**Task directions**
Using the data below, set down every line from the one containing "This abstract artwork" through the one containing "牧馬人 2015款 2.8TD", inclusive and unchanged. Pictures are to be skipped.

**Data for the task**

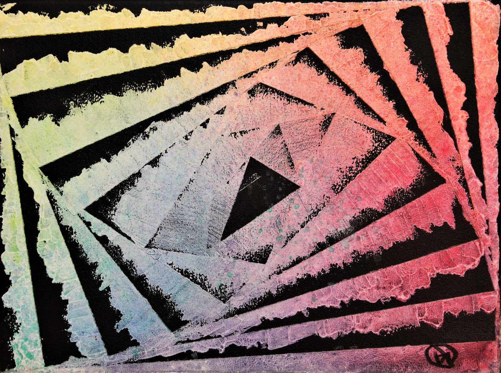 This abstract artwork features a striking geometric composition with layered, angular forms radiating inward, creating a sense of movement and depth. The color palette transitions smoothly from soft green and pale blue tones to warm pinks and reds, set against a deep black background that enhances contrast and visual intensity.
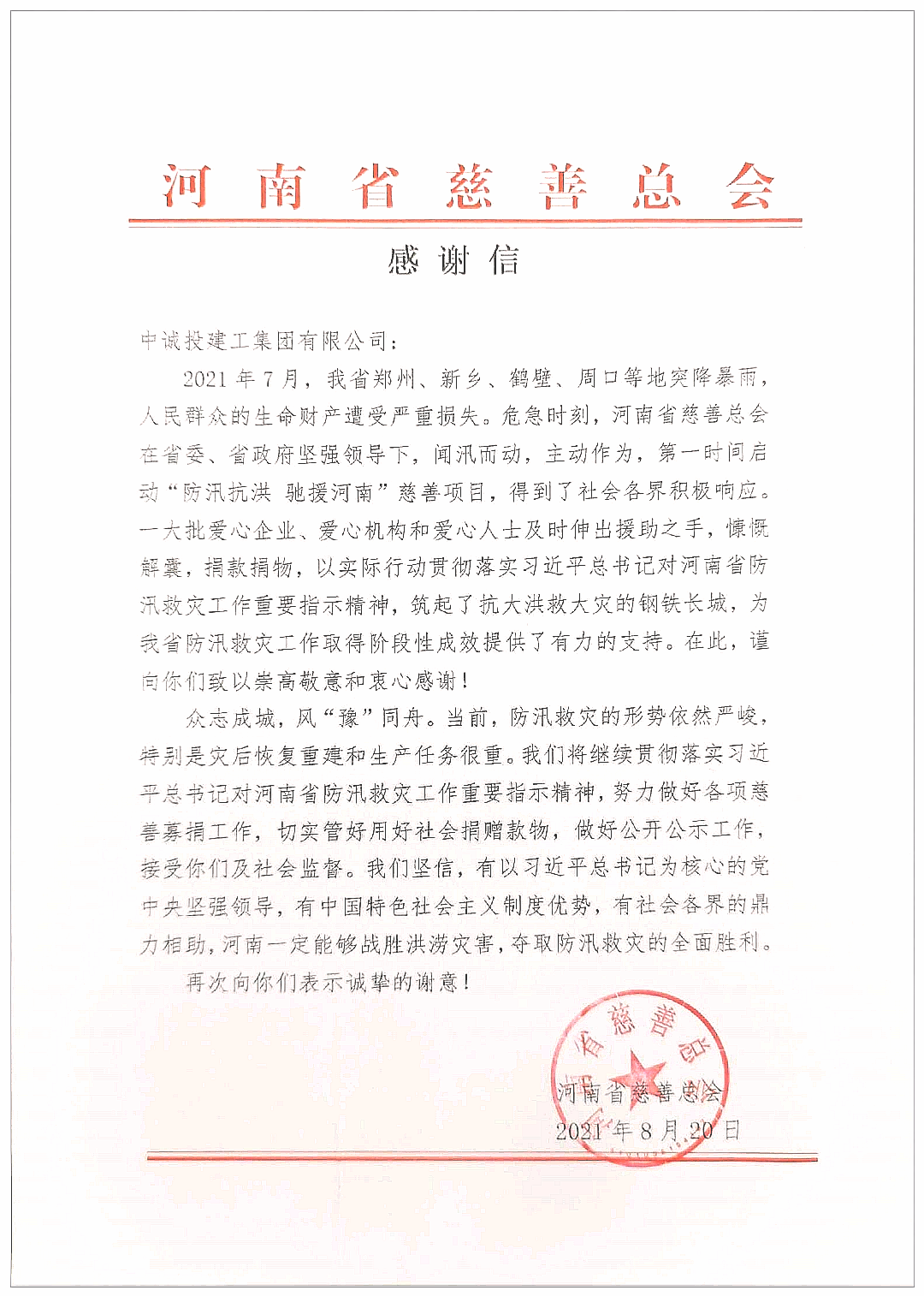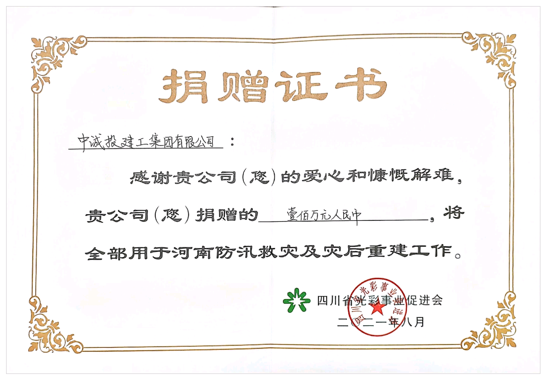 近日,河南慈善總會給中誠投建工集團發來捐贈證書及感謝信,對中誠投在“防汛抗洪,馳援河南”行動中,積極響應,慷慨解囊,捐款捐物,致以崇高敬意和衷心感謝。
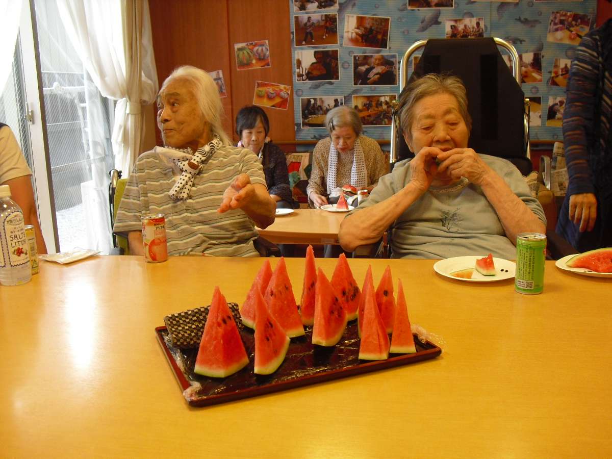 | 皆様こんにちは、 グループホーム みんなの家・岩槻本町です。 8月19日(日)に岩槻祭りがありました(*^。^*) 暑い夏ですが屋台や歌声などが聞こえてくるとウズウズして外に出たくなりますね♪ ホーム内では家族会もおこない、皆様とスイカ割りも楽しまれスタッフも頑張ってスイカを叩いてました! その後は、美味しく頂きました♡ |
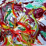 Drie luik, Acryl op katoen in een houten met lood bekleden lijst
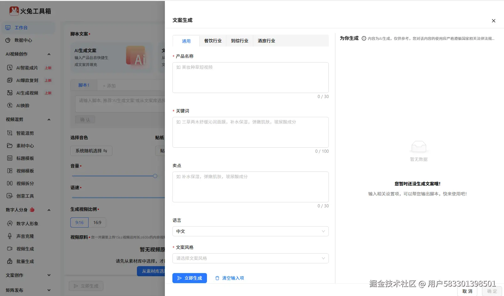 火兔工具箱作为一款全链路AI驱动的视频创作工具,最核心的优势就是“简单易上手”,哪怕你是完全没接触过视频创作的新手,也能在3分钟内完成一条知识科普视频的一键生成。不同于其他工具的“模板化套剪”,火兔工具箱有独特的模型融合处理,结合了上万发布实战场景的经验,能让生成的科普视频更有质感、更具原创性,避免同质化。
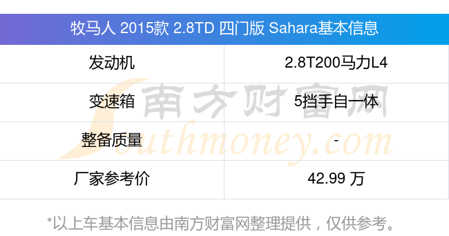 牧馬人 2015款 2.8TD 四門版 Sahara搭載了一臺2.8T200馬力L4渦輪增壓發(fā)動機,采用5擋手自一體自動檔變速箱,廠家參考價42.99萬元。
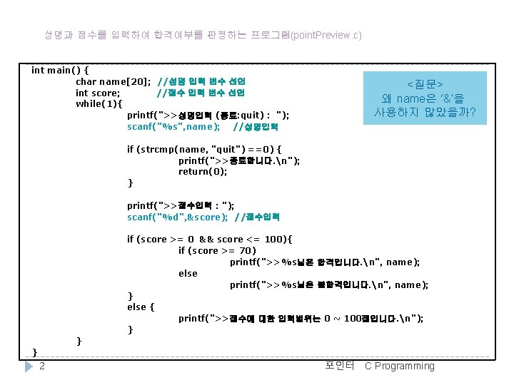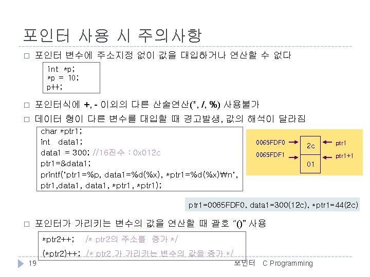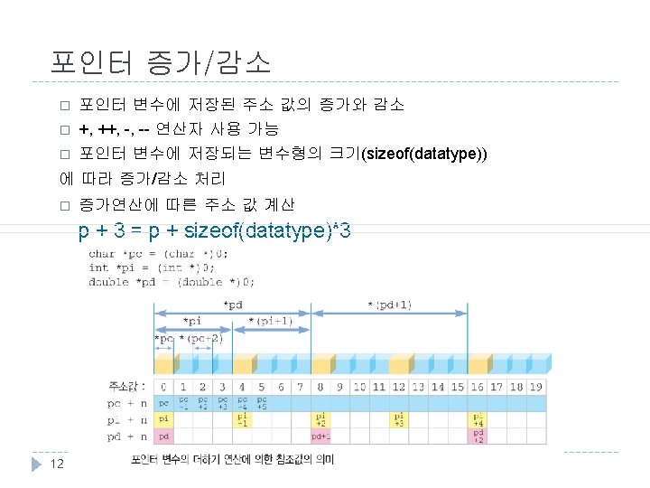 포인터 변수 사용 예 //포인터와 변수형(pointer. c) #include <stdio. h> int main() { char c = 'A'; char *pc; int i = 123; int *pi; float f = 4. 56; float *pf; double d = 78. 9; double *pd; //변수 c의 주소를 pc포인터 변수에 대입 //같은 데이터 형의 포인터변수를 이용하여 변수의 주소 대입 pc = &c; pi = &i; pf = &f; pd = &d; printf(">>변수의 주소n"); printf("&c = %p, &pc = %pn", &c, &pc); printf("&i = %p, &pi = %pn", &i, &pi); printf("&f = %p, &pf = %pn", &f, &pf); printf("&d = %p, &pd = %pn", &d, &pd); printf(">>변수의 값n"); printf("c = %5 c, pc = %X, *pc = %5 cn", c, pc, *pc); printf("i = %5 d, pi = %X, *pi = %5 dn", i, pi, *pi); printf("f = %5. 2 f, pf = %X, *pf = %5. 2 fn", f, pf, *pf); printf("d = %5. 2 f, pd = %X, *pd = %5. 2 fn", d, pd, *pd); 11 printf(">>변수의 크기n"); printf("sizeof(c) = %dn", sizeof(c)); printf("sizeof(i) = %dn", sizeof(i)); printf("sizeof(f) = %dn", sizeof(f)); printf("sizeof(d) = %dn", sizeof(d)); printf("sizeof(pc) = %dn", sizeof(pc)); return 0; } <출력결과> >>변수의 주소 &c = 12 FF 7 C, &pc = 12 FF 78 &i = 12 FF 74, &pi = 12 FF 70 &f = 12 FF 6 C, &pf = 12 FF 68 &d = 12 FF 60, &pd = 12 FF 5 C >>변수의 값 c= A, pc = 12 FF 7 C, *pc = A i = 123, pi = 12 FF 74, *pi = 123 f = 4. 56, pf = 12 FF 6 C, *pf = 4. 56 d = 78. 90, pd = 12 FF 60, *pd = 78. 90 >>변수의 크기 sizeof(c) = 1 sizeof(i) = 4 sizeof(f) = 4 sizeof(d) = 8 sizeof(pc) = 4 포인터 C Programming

...

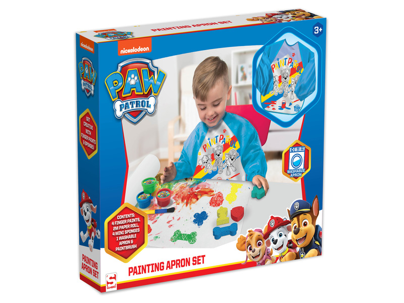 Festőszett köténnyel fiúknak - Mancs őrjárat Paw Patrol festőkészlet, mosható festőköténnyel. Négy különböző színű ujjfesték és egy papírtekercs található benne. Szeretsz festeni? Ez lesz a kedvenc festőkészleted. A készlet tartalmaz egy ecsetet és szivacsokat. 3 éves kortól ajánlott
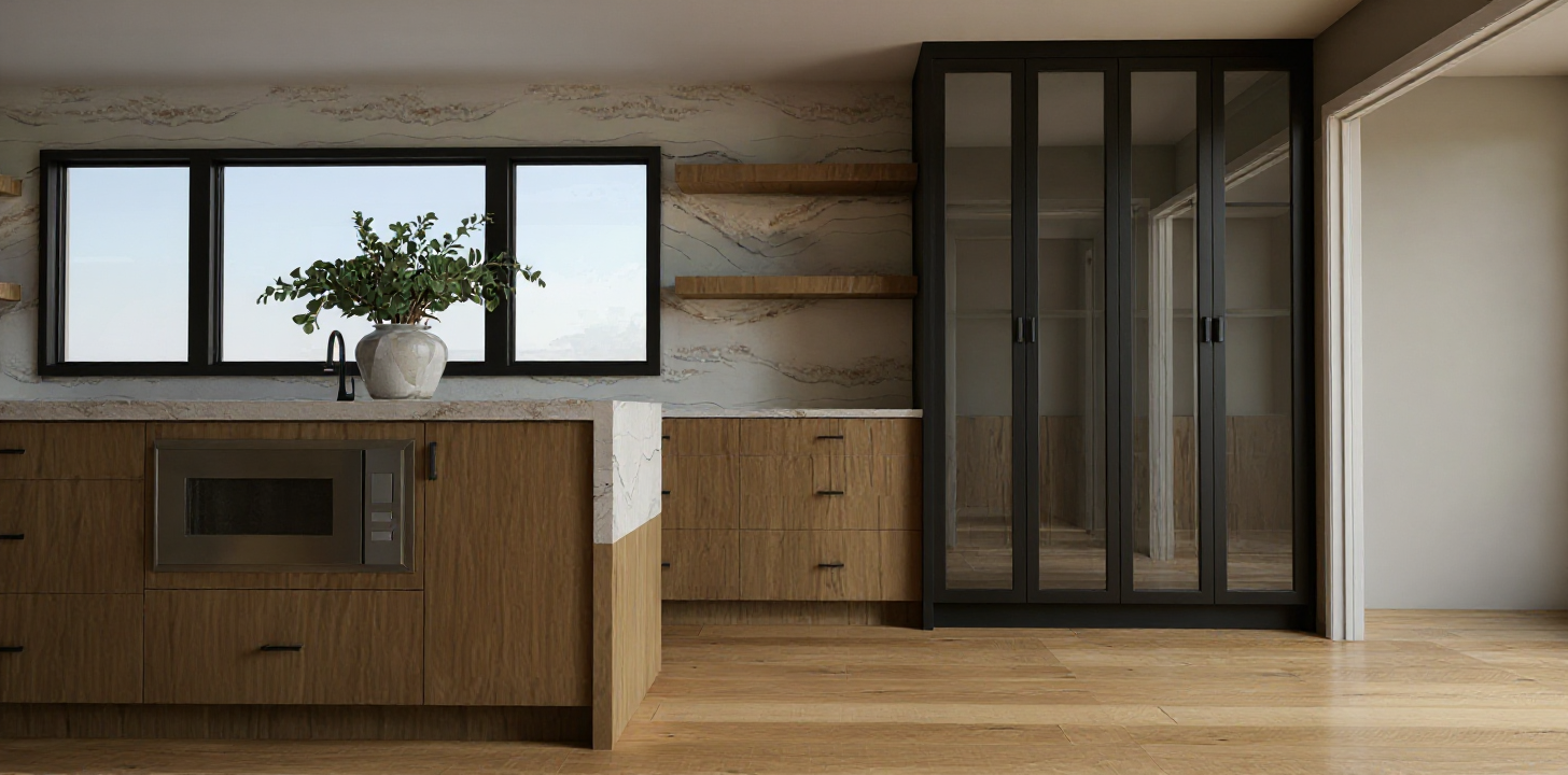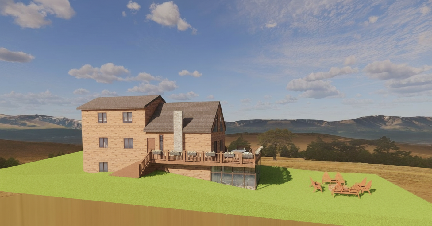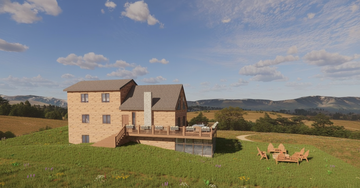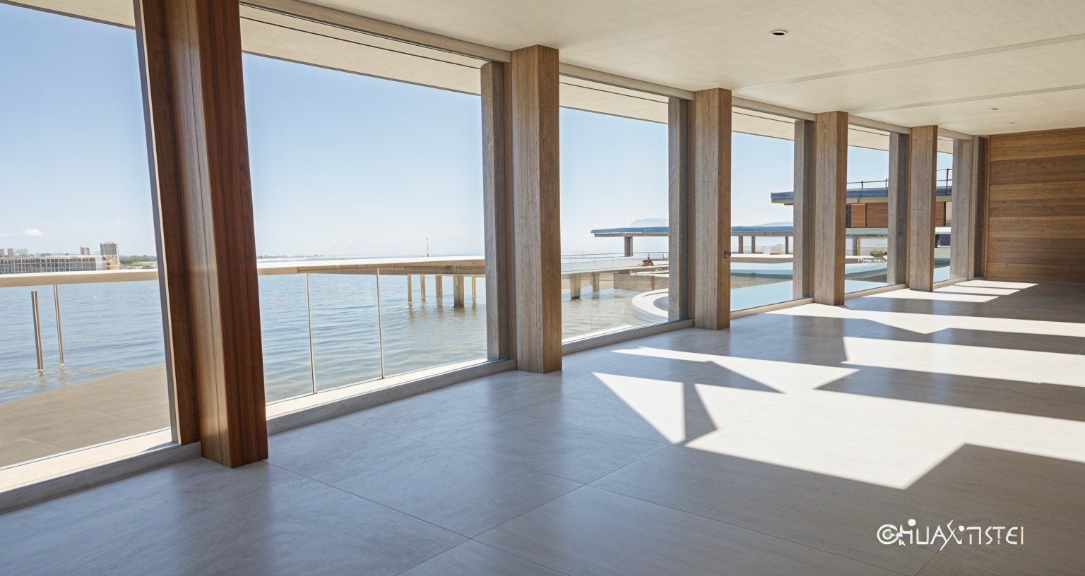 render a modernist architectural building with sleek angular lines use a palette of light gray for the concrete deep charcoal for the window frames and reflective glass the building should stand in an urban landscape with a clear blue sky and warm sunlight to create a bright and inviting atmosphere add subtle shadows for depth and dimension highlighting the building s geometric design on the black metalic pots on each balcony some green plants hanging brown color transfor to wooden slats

**Result of the task**
 This abstract artwork features a striking geometric composition with layered, angular forms radiating inward, creating a sense of movement and depth. The color palette transitions smoothly from soft green and pale blue tones to warm pinks and reds, set against a deep black background that enhances contrast and visual intensity.
 近日,河南慈善總會給中誠投建工集團發來捐贈證書及感謝信,對中誠投在“防汛抗洪,馳援河南”行動中,積極響應,慷慨解囊,捐款捐物,致以崇高敬意和衷心感謝。
 | 皆様こんにちは、 グループホーム みんなの家・岩槻本町です。 8月19日(日)に岩槻祭りがありました(*^。^*) 暑い夏ですが屋台や歌声などが聞こえてくるとウズウズして外に出たくなりますね♪ ホーム内では家族会もおこない、皆様とスイカ割りも楽しまれスタッフも頑張ってスイカを叩いてました! その後は、美味しく頂きました♡ |
 Drie luik, Acryl op katoen in een houten met lood bekleden lijst
 火兔工具箱作为一款全链路AI驱动的视频创作工具,最核心的优势就是“简单易上手”,哪怕你是完全没接触过视频创作的新手,也能在3分钟内完成一条知识科普视频的一键生成。不同于其他工具的“模板化套剪”,火兔工具箱有独特的模型融合处理,结合了上万发布实战场景的经验,能让生成的科普视频更有质感、更具原创性,避免同质化。
 牧馬人 2015款 2.8TD 四門版 Sahara搭載了一臺2.8T200馬力L4渦輪增壓發(fā)動機,采用5擋手自一體自動檔變速箱,廠家參考價42.99萬元。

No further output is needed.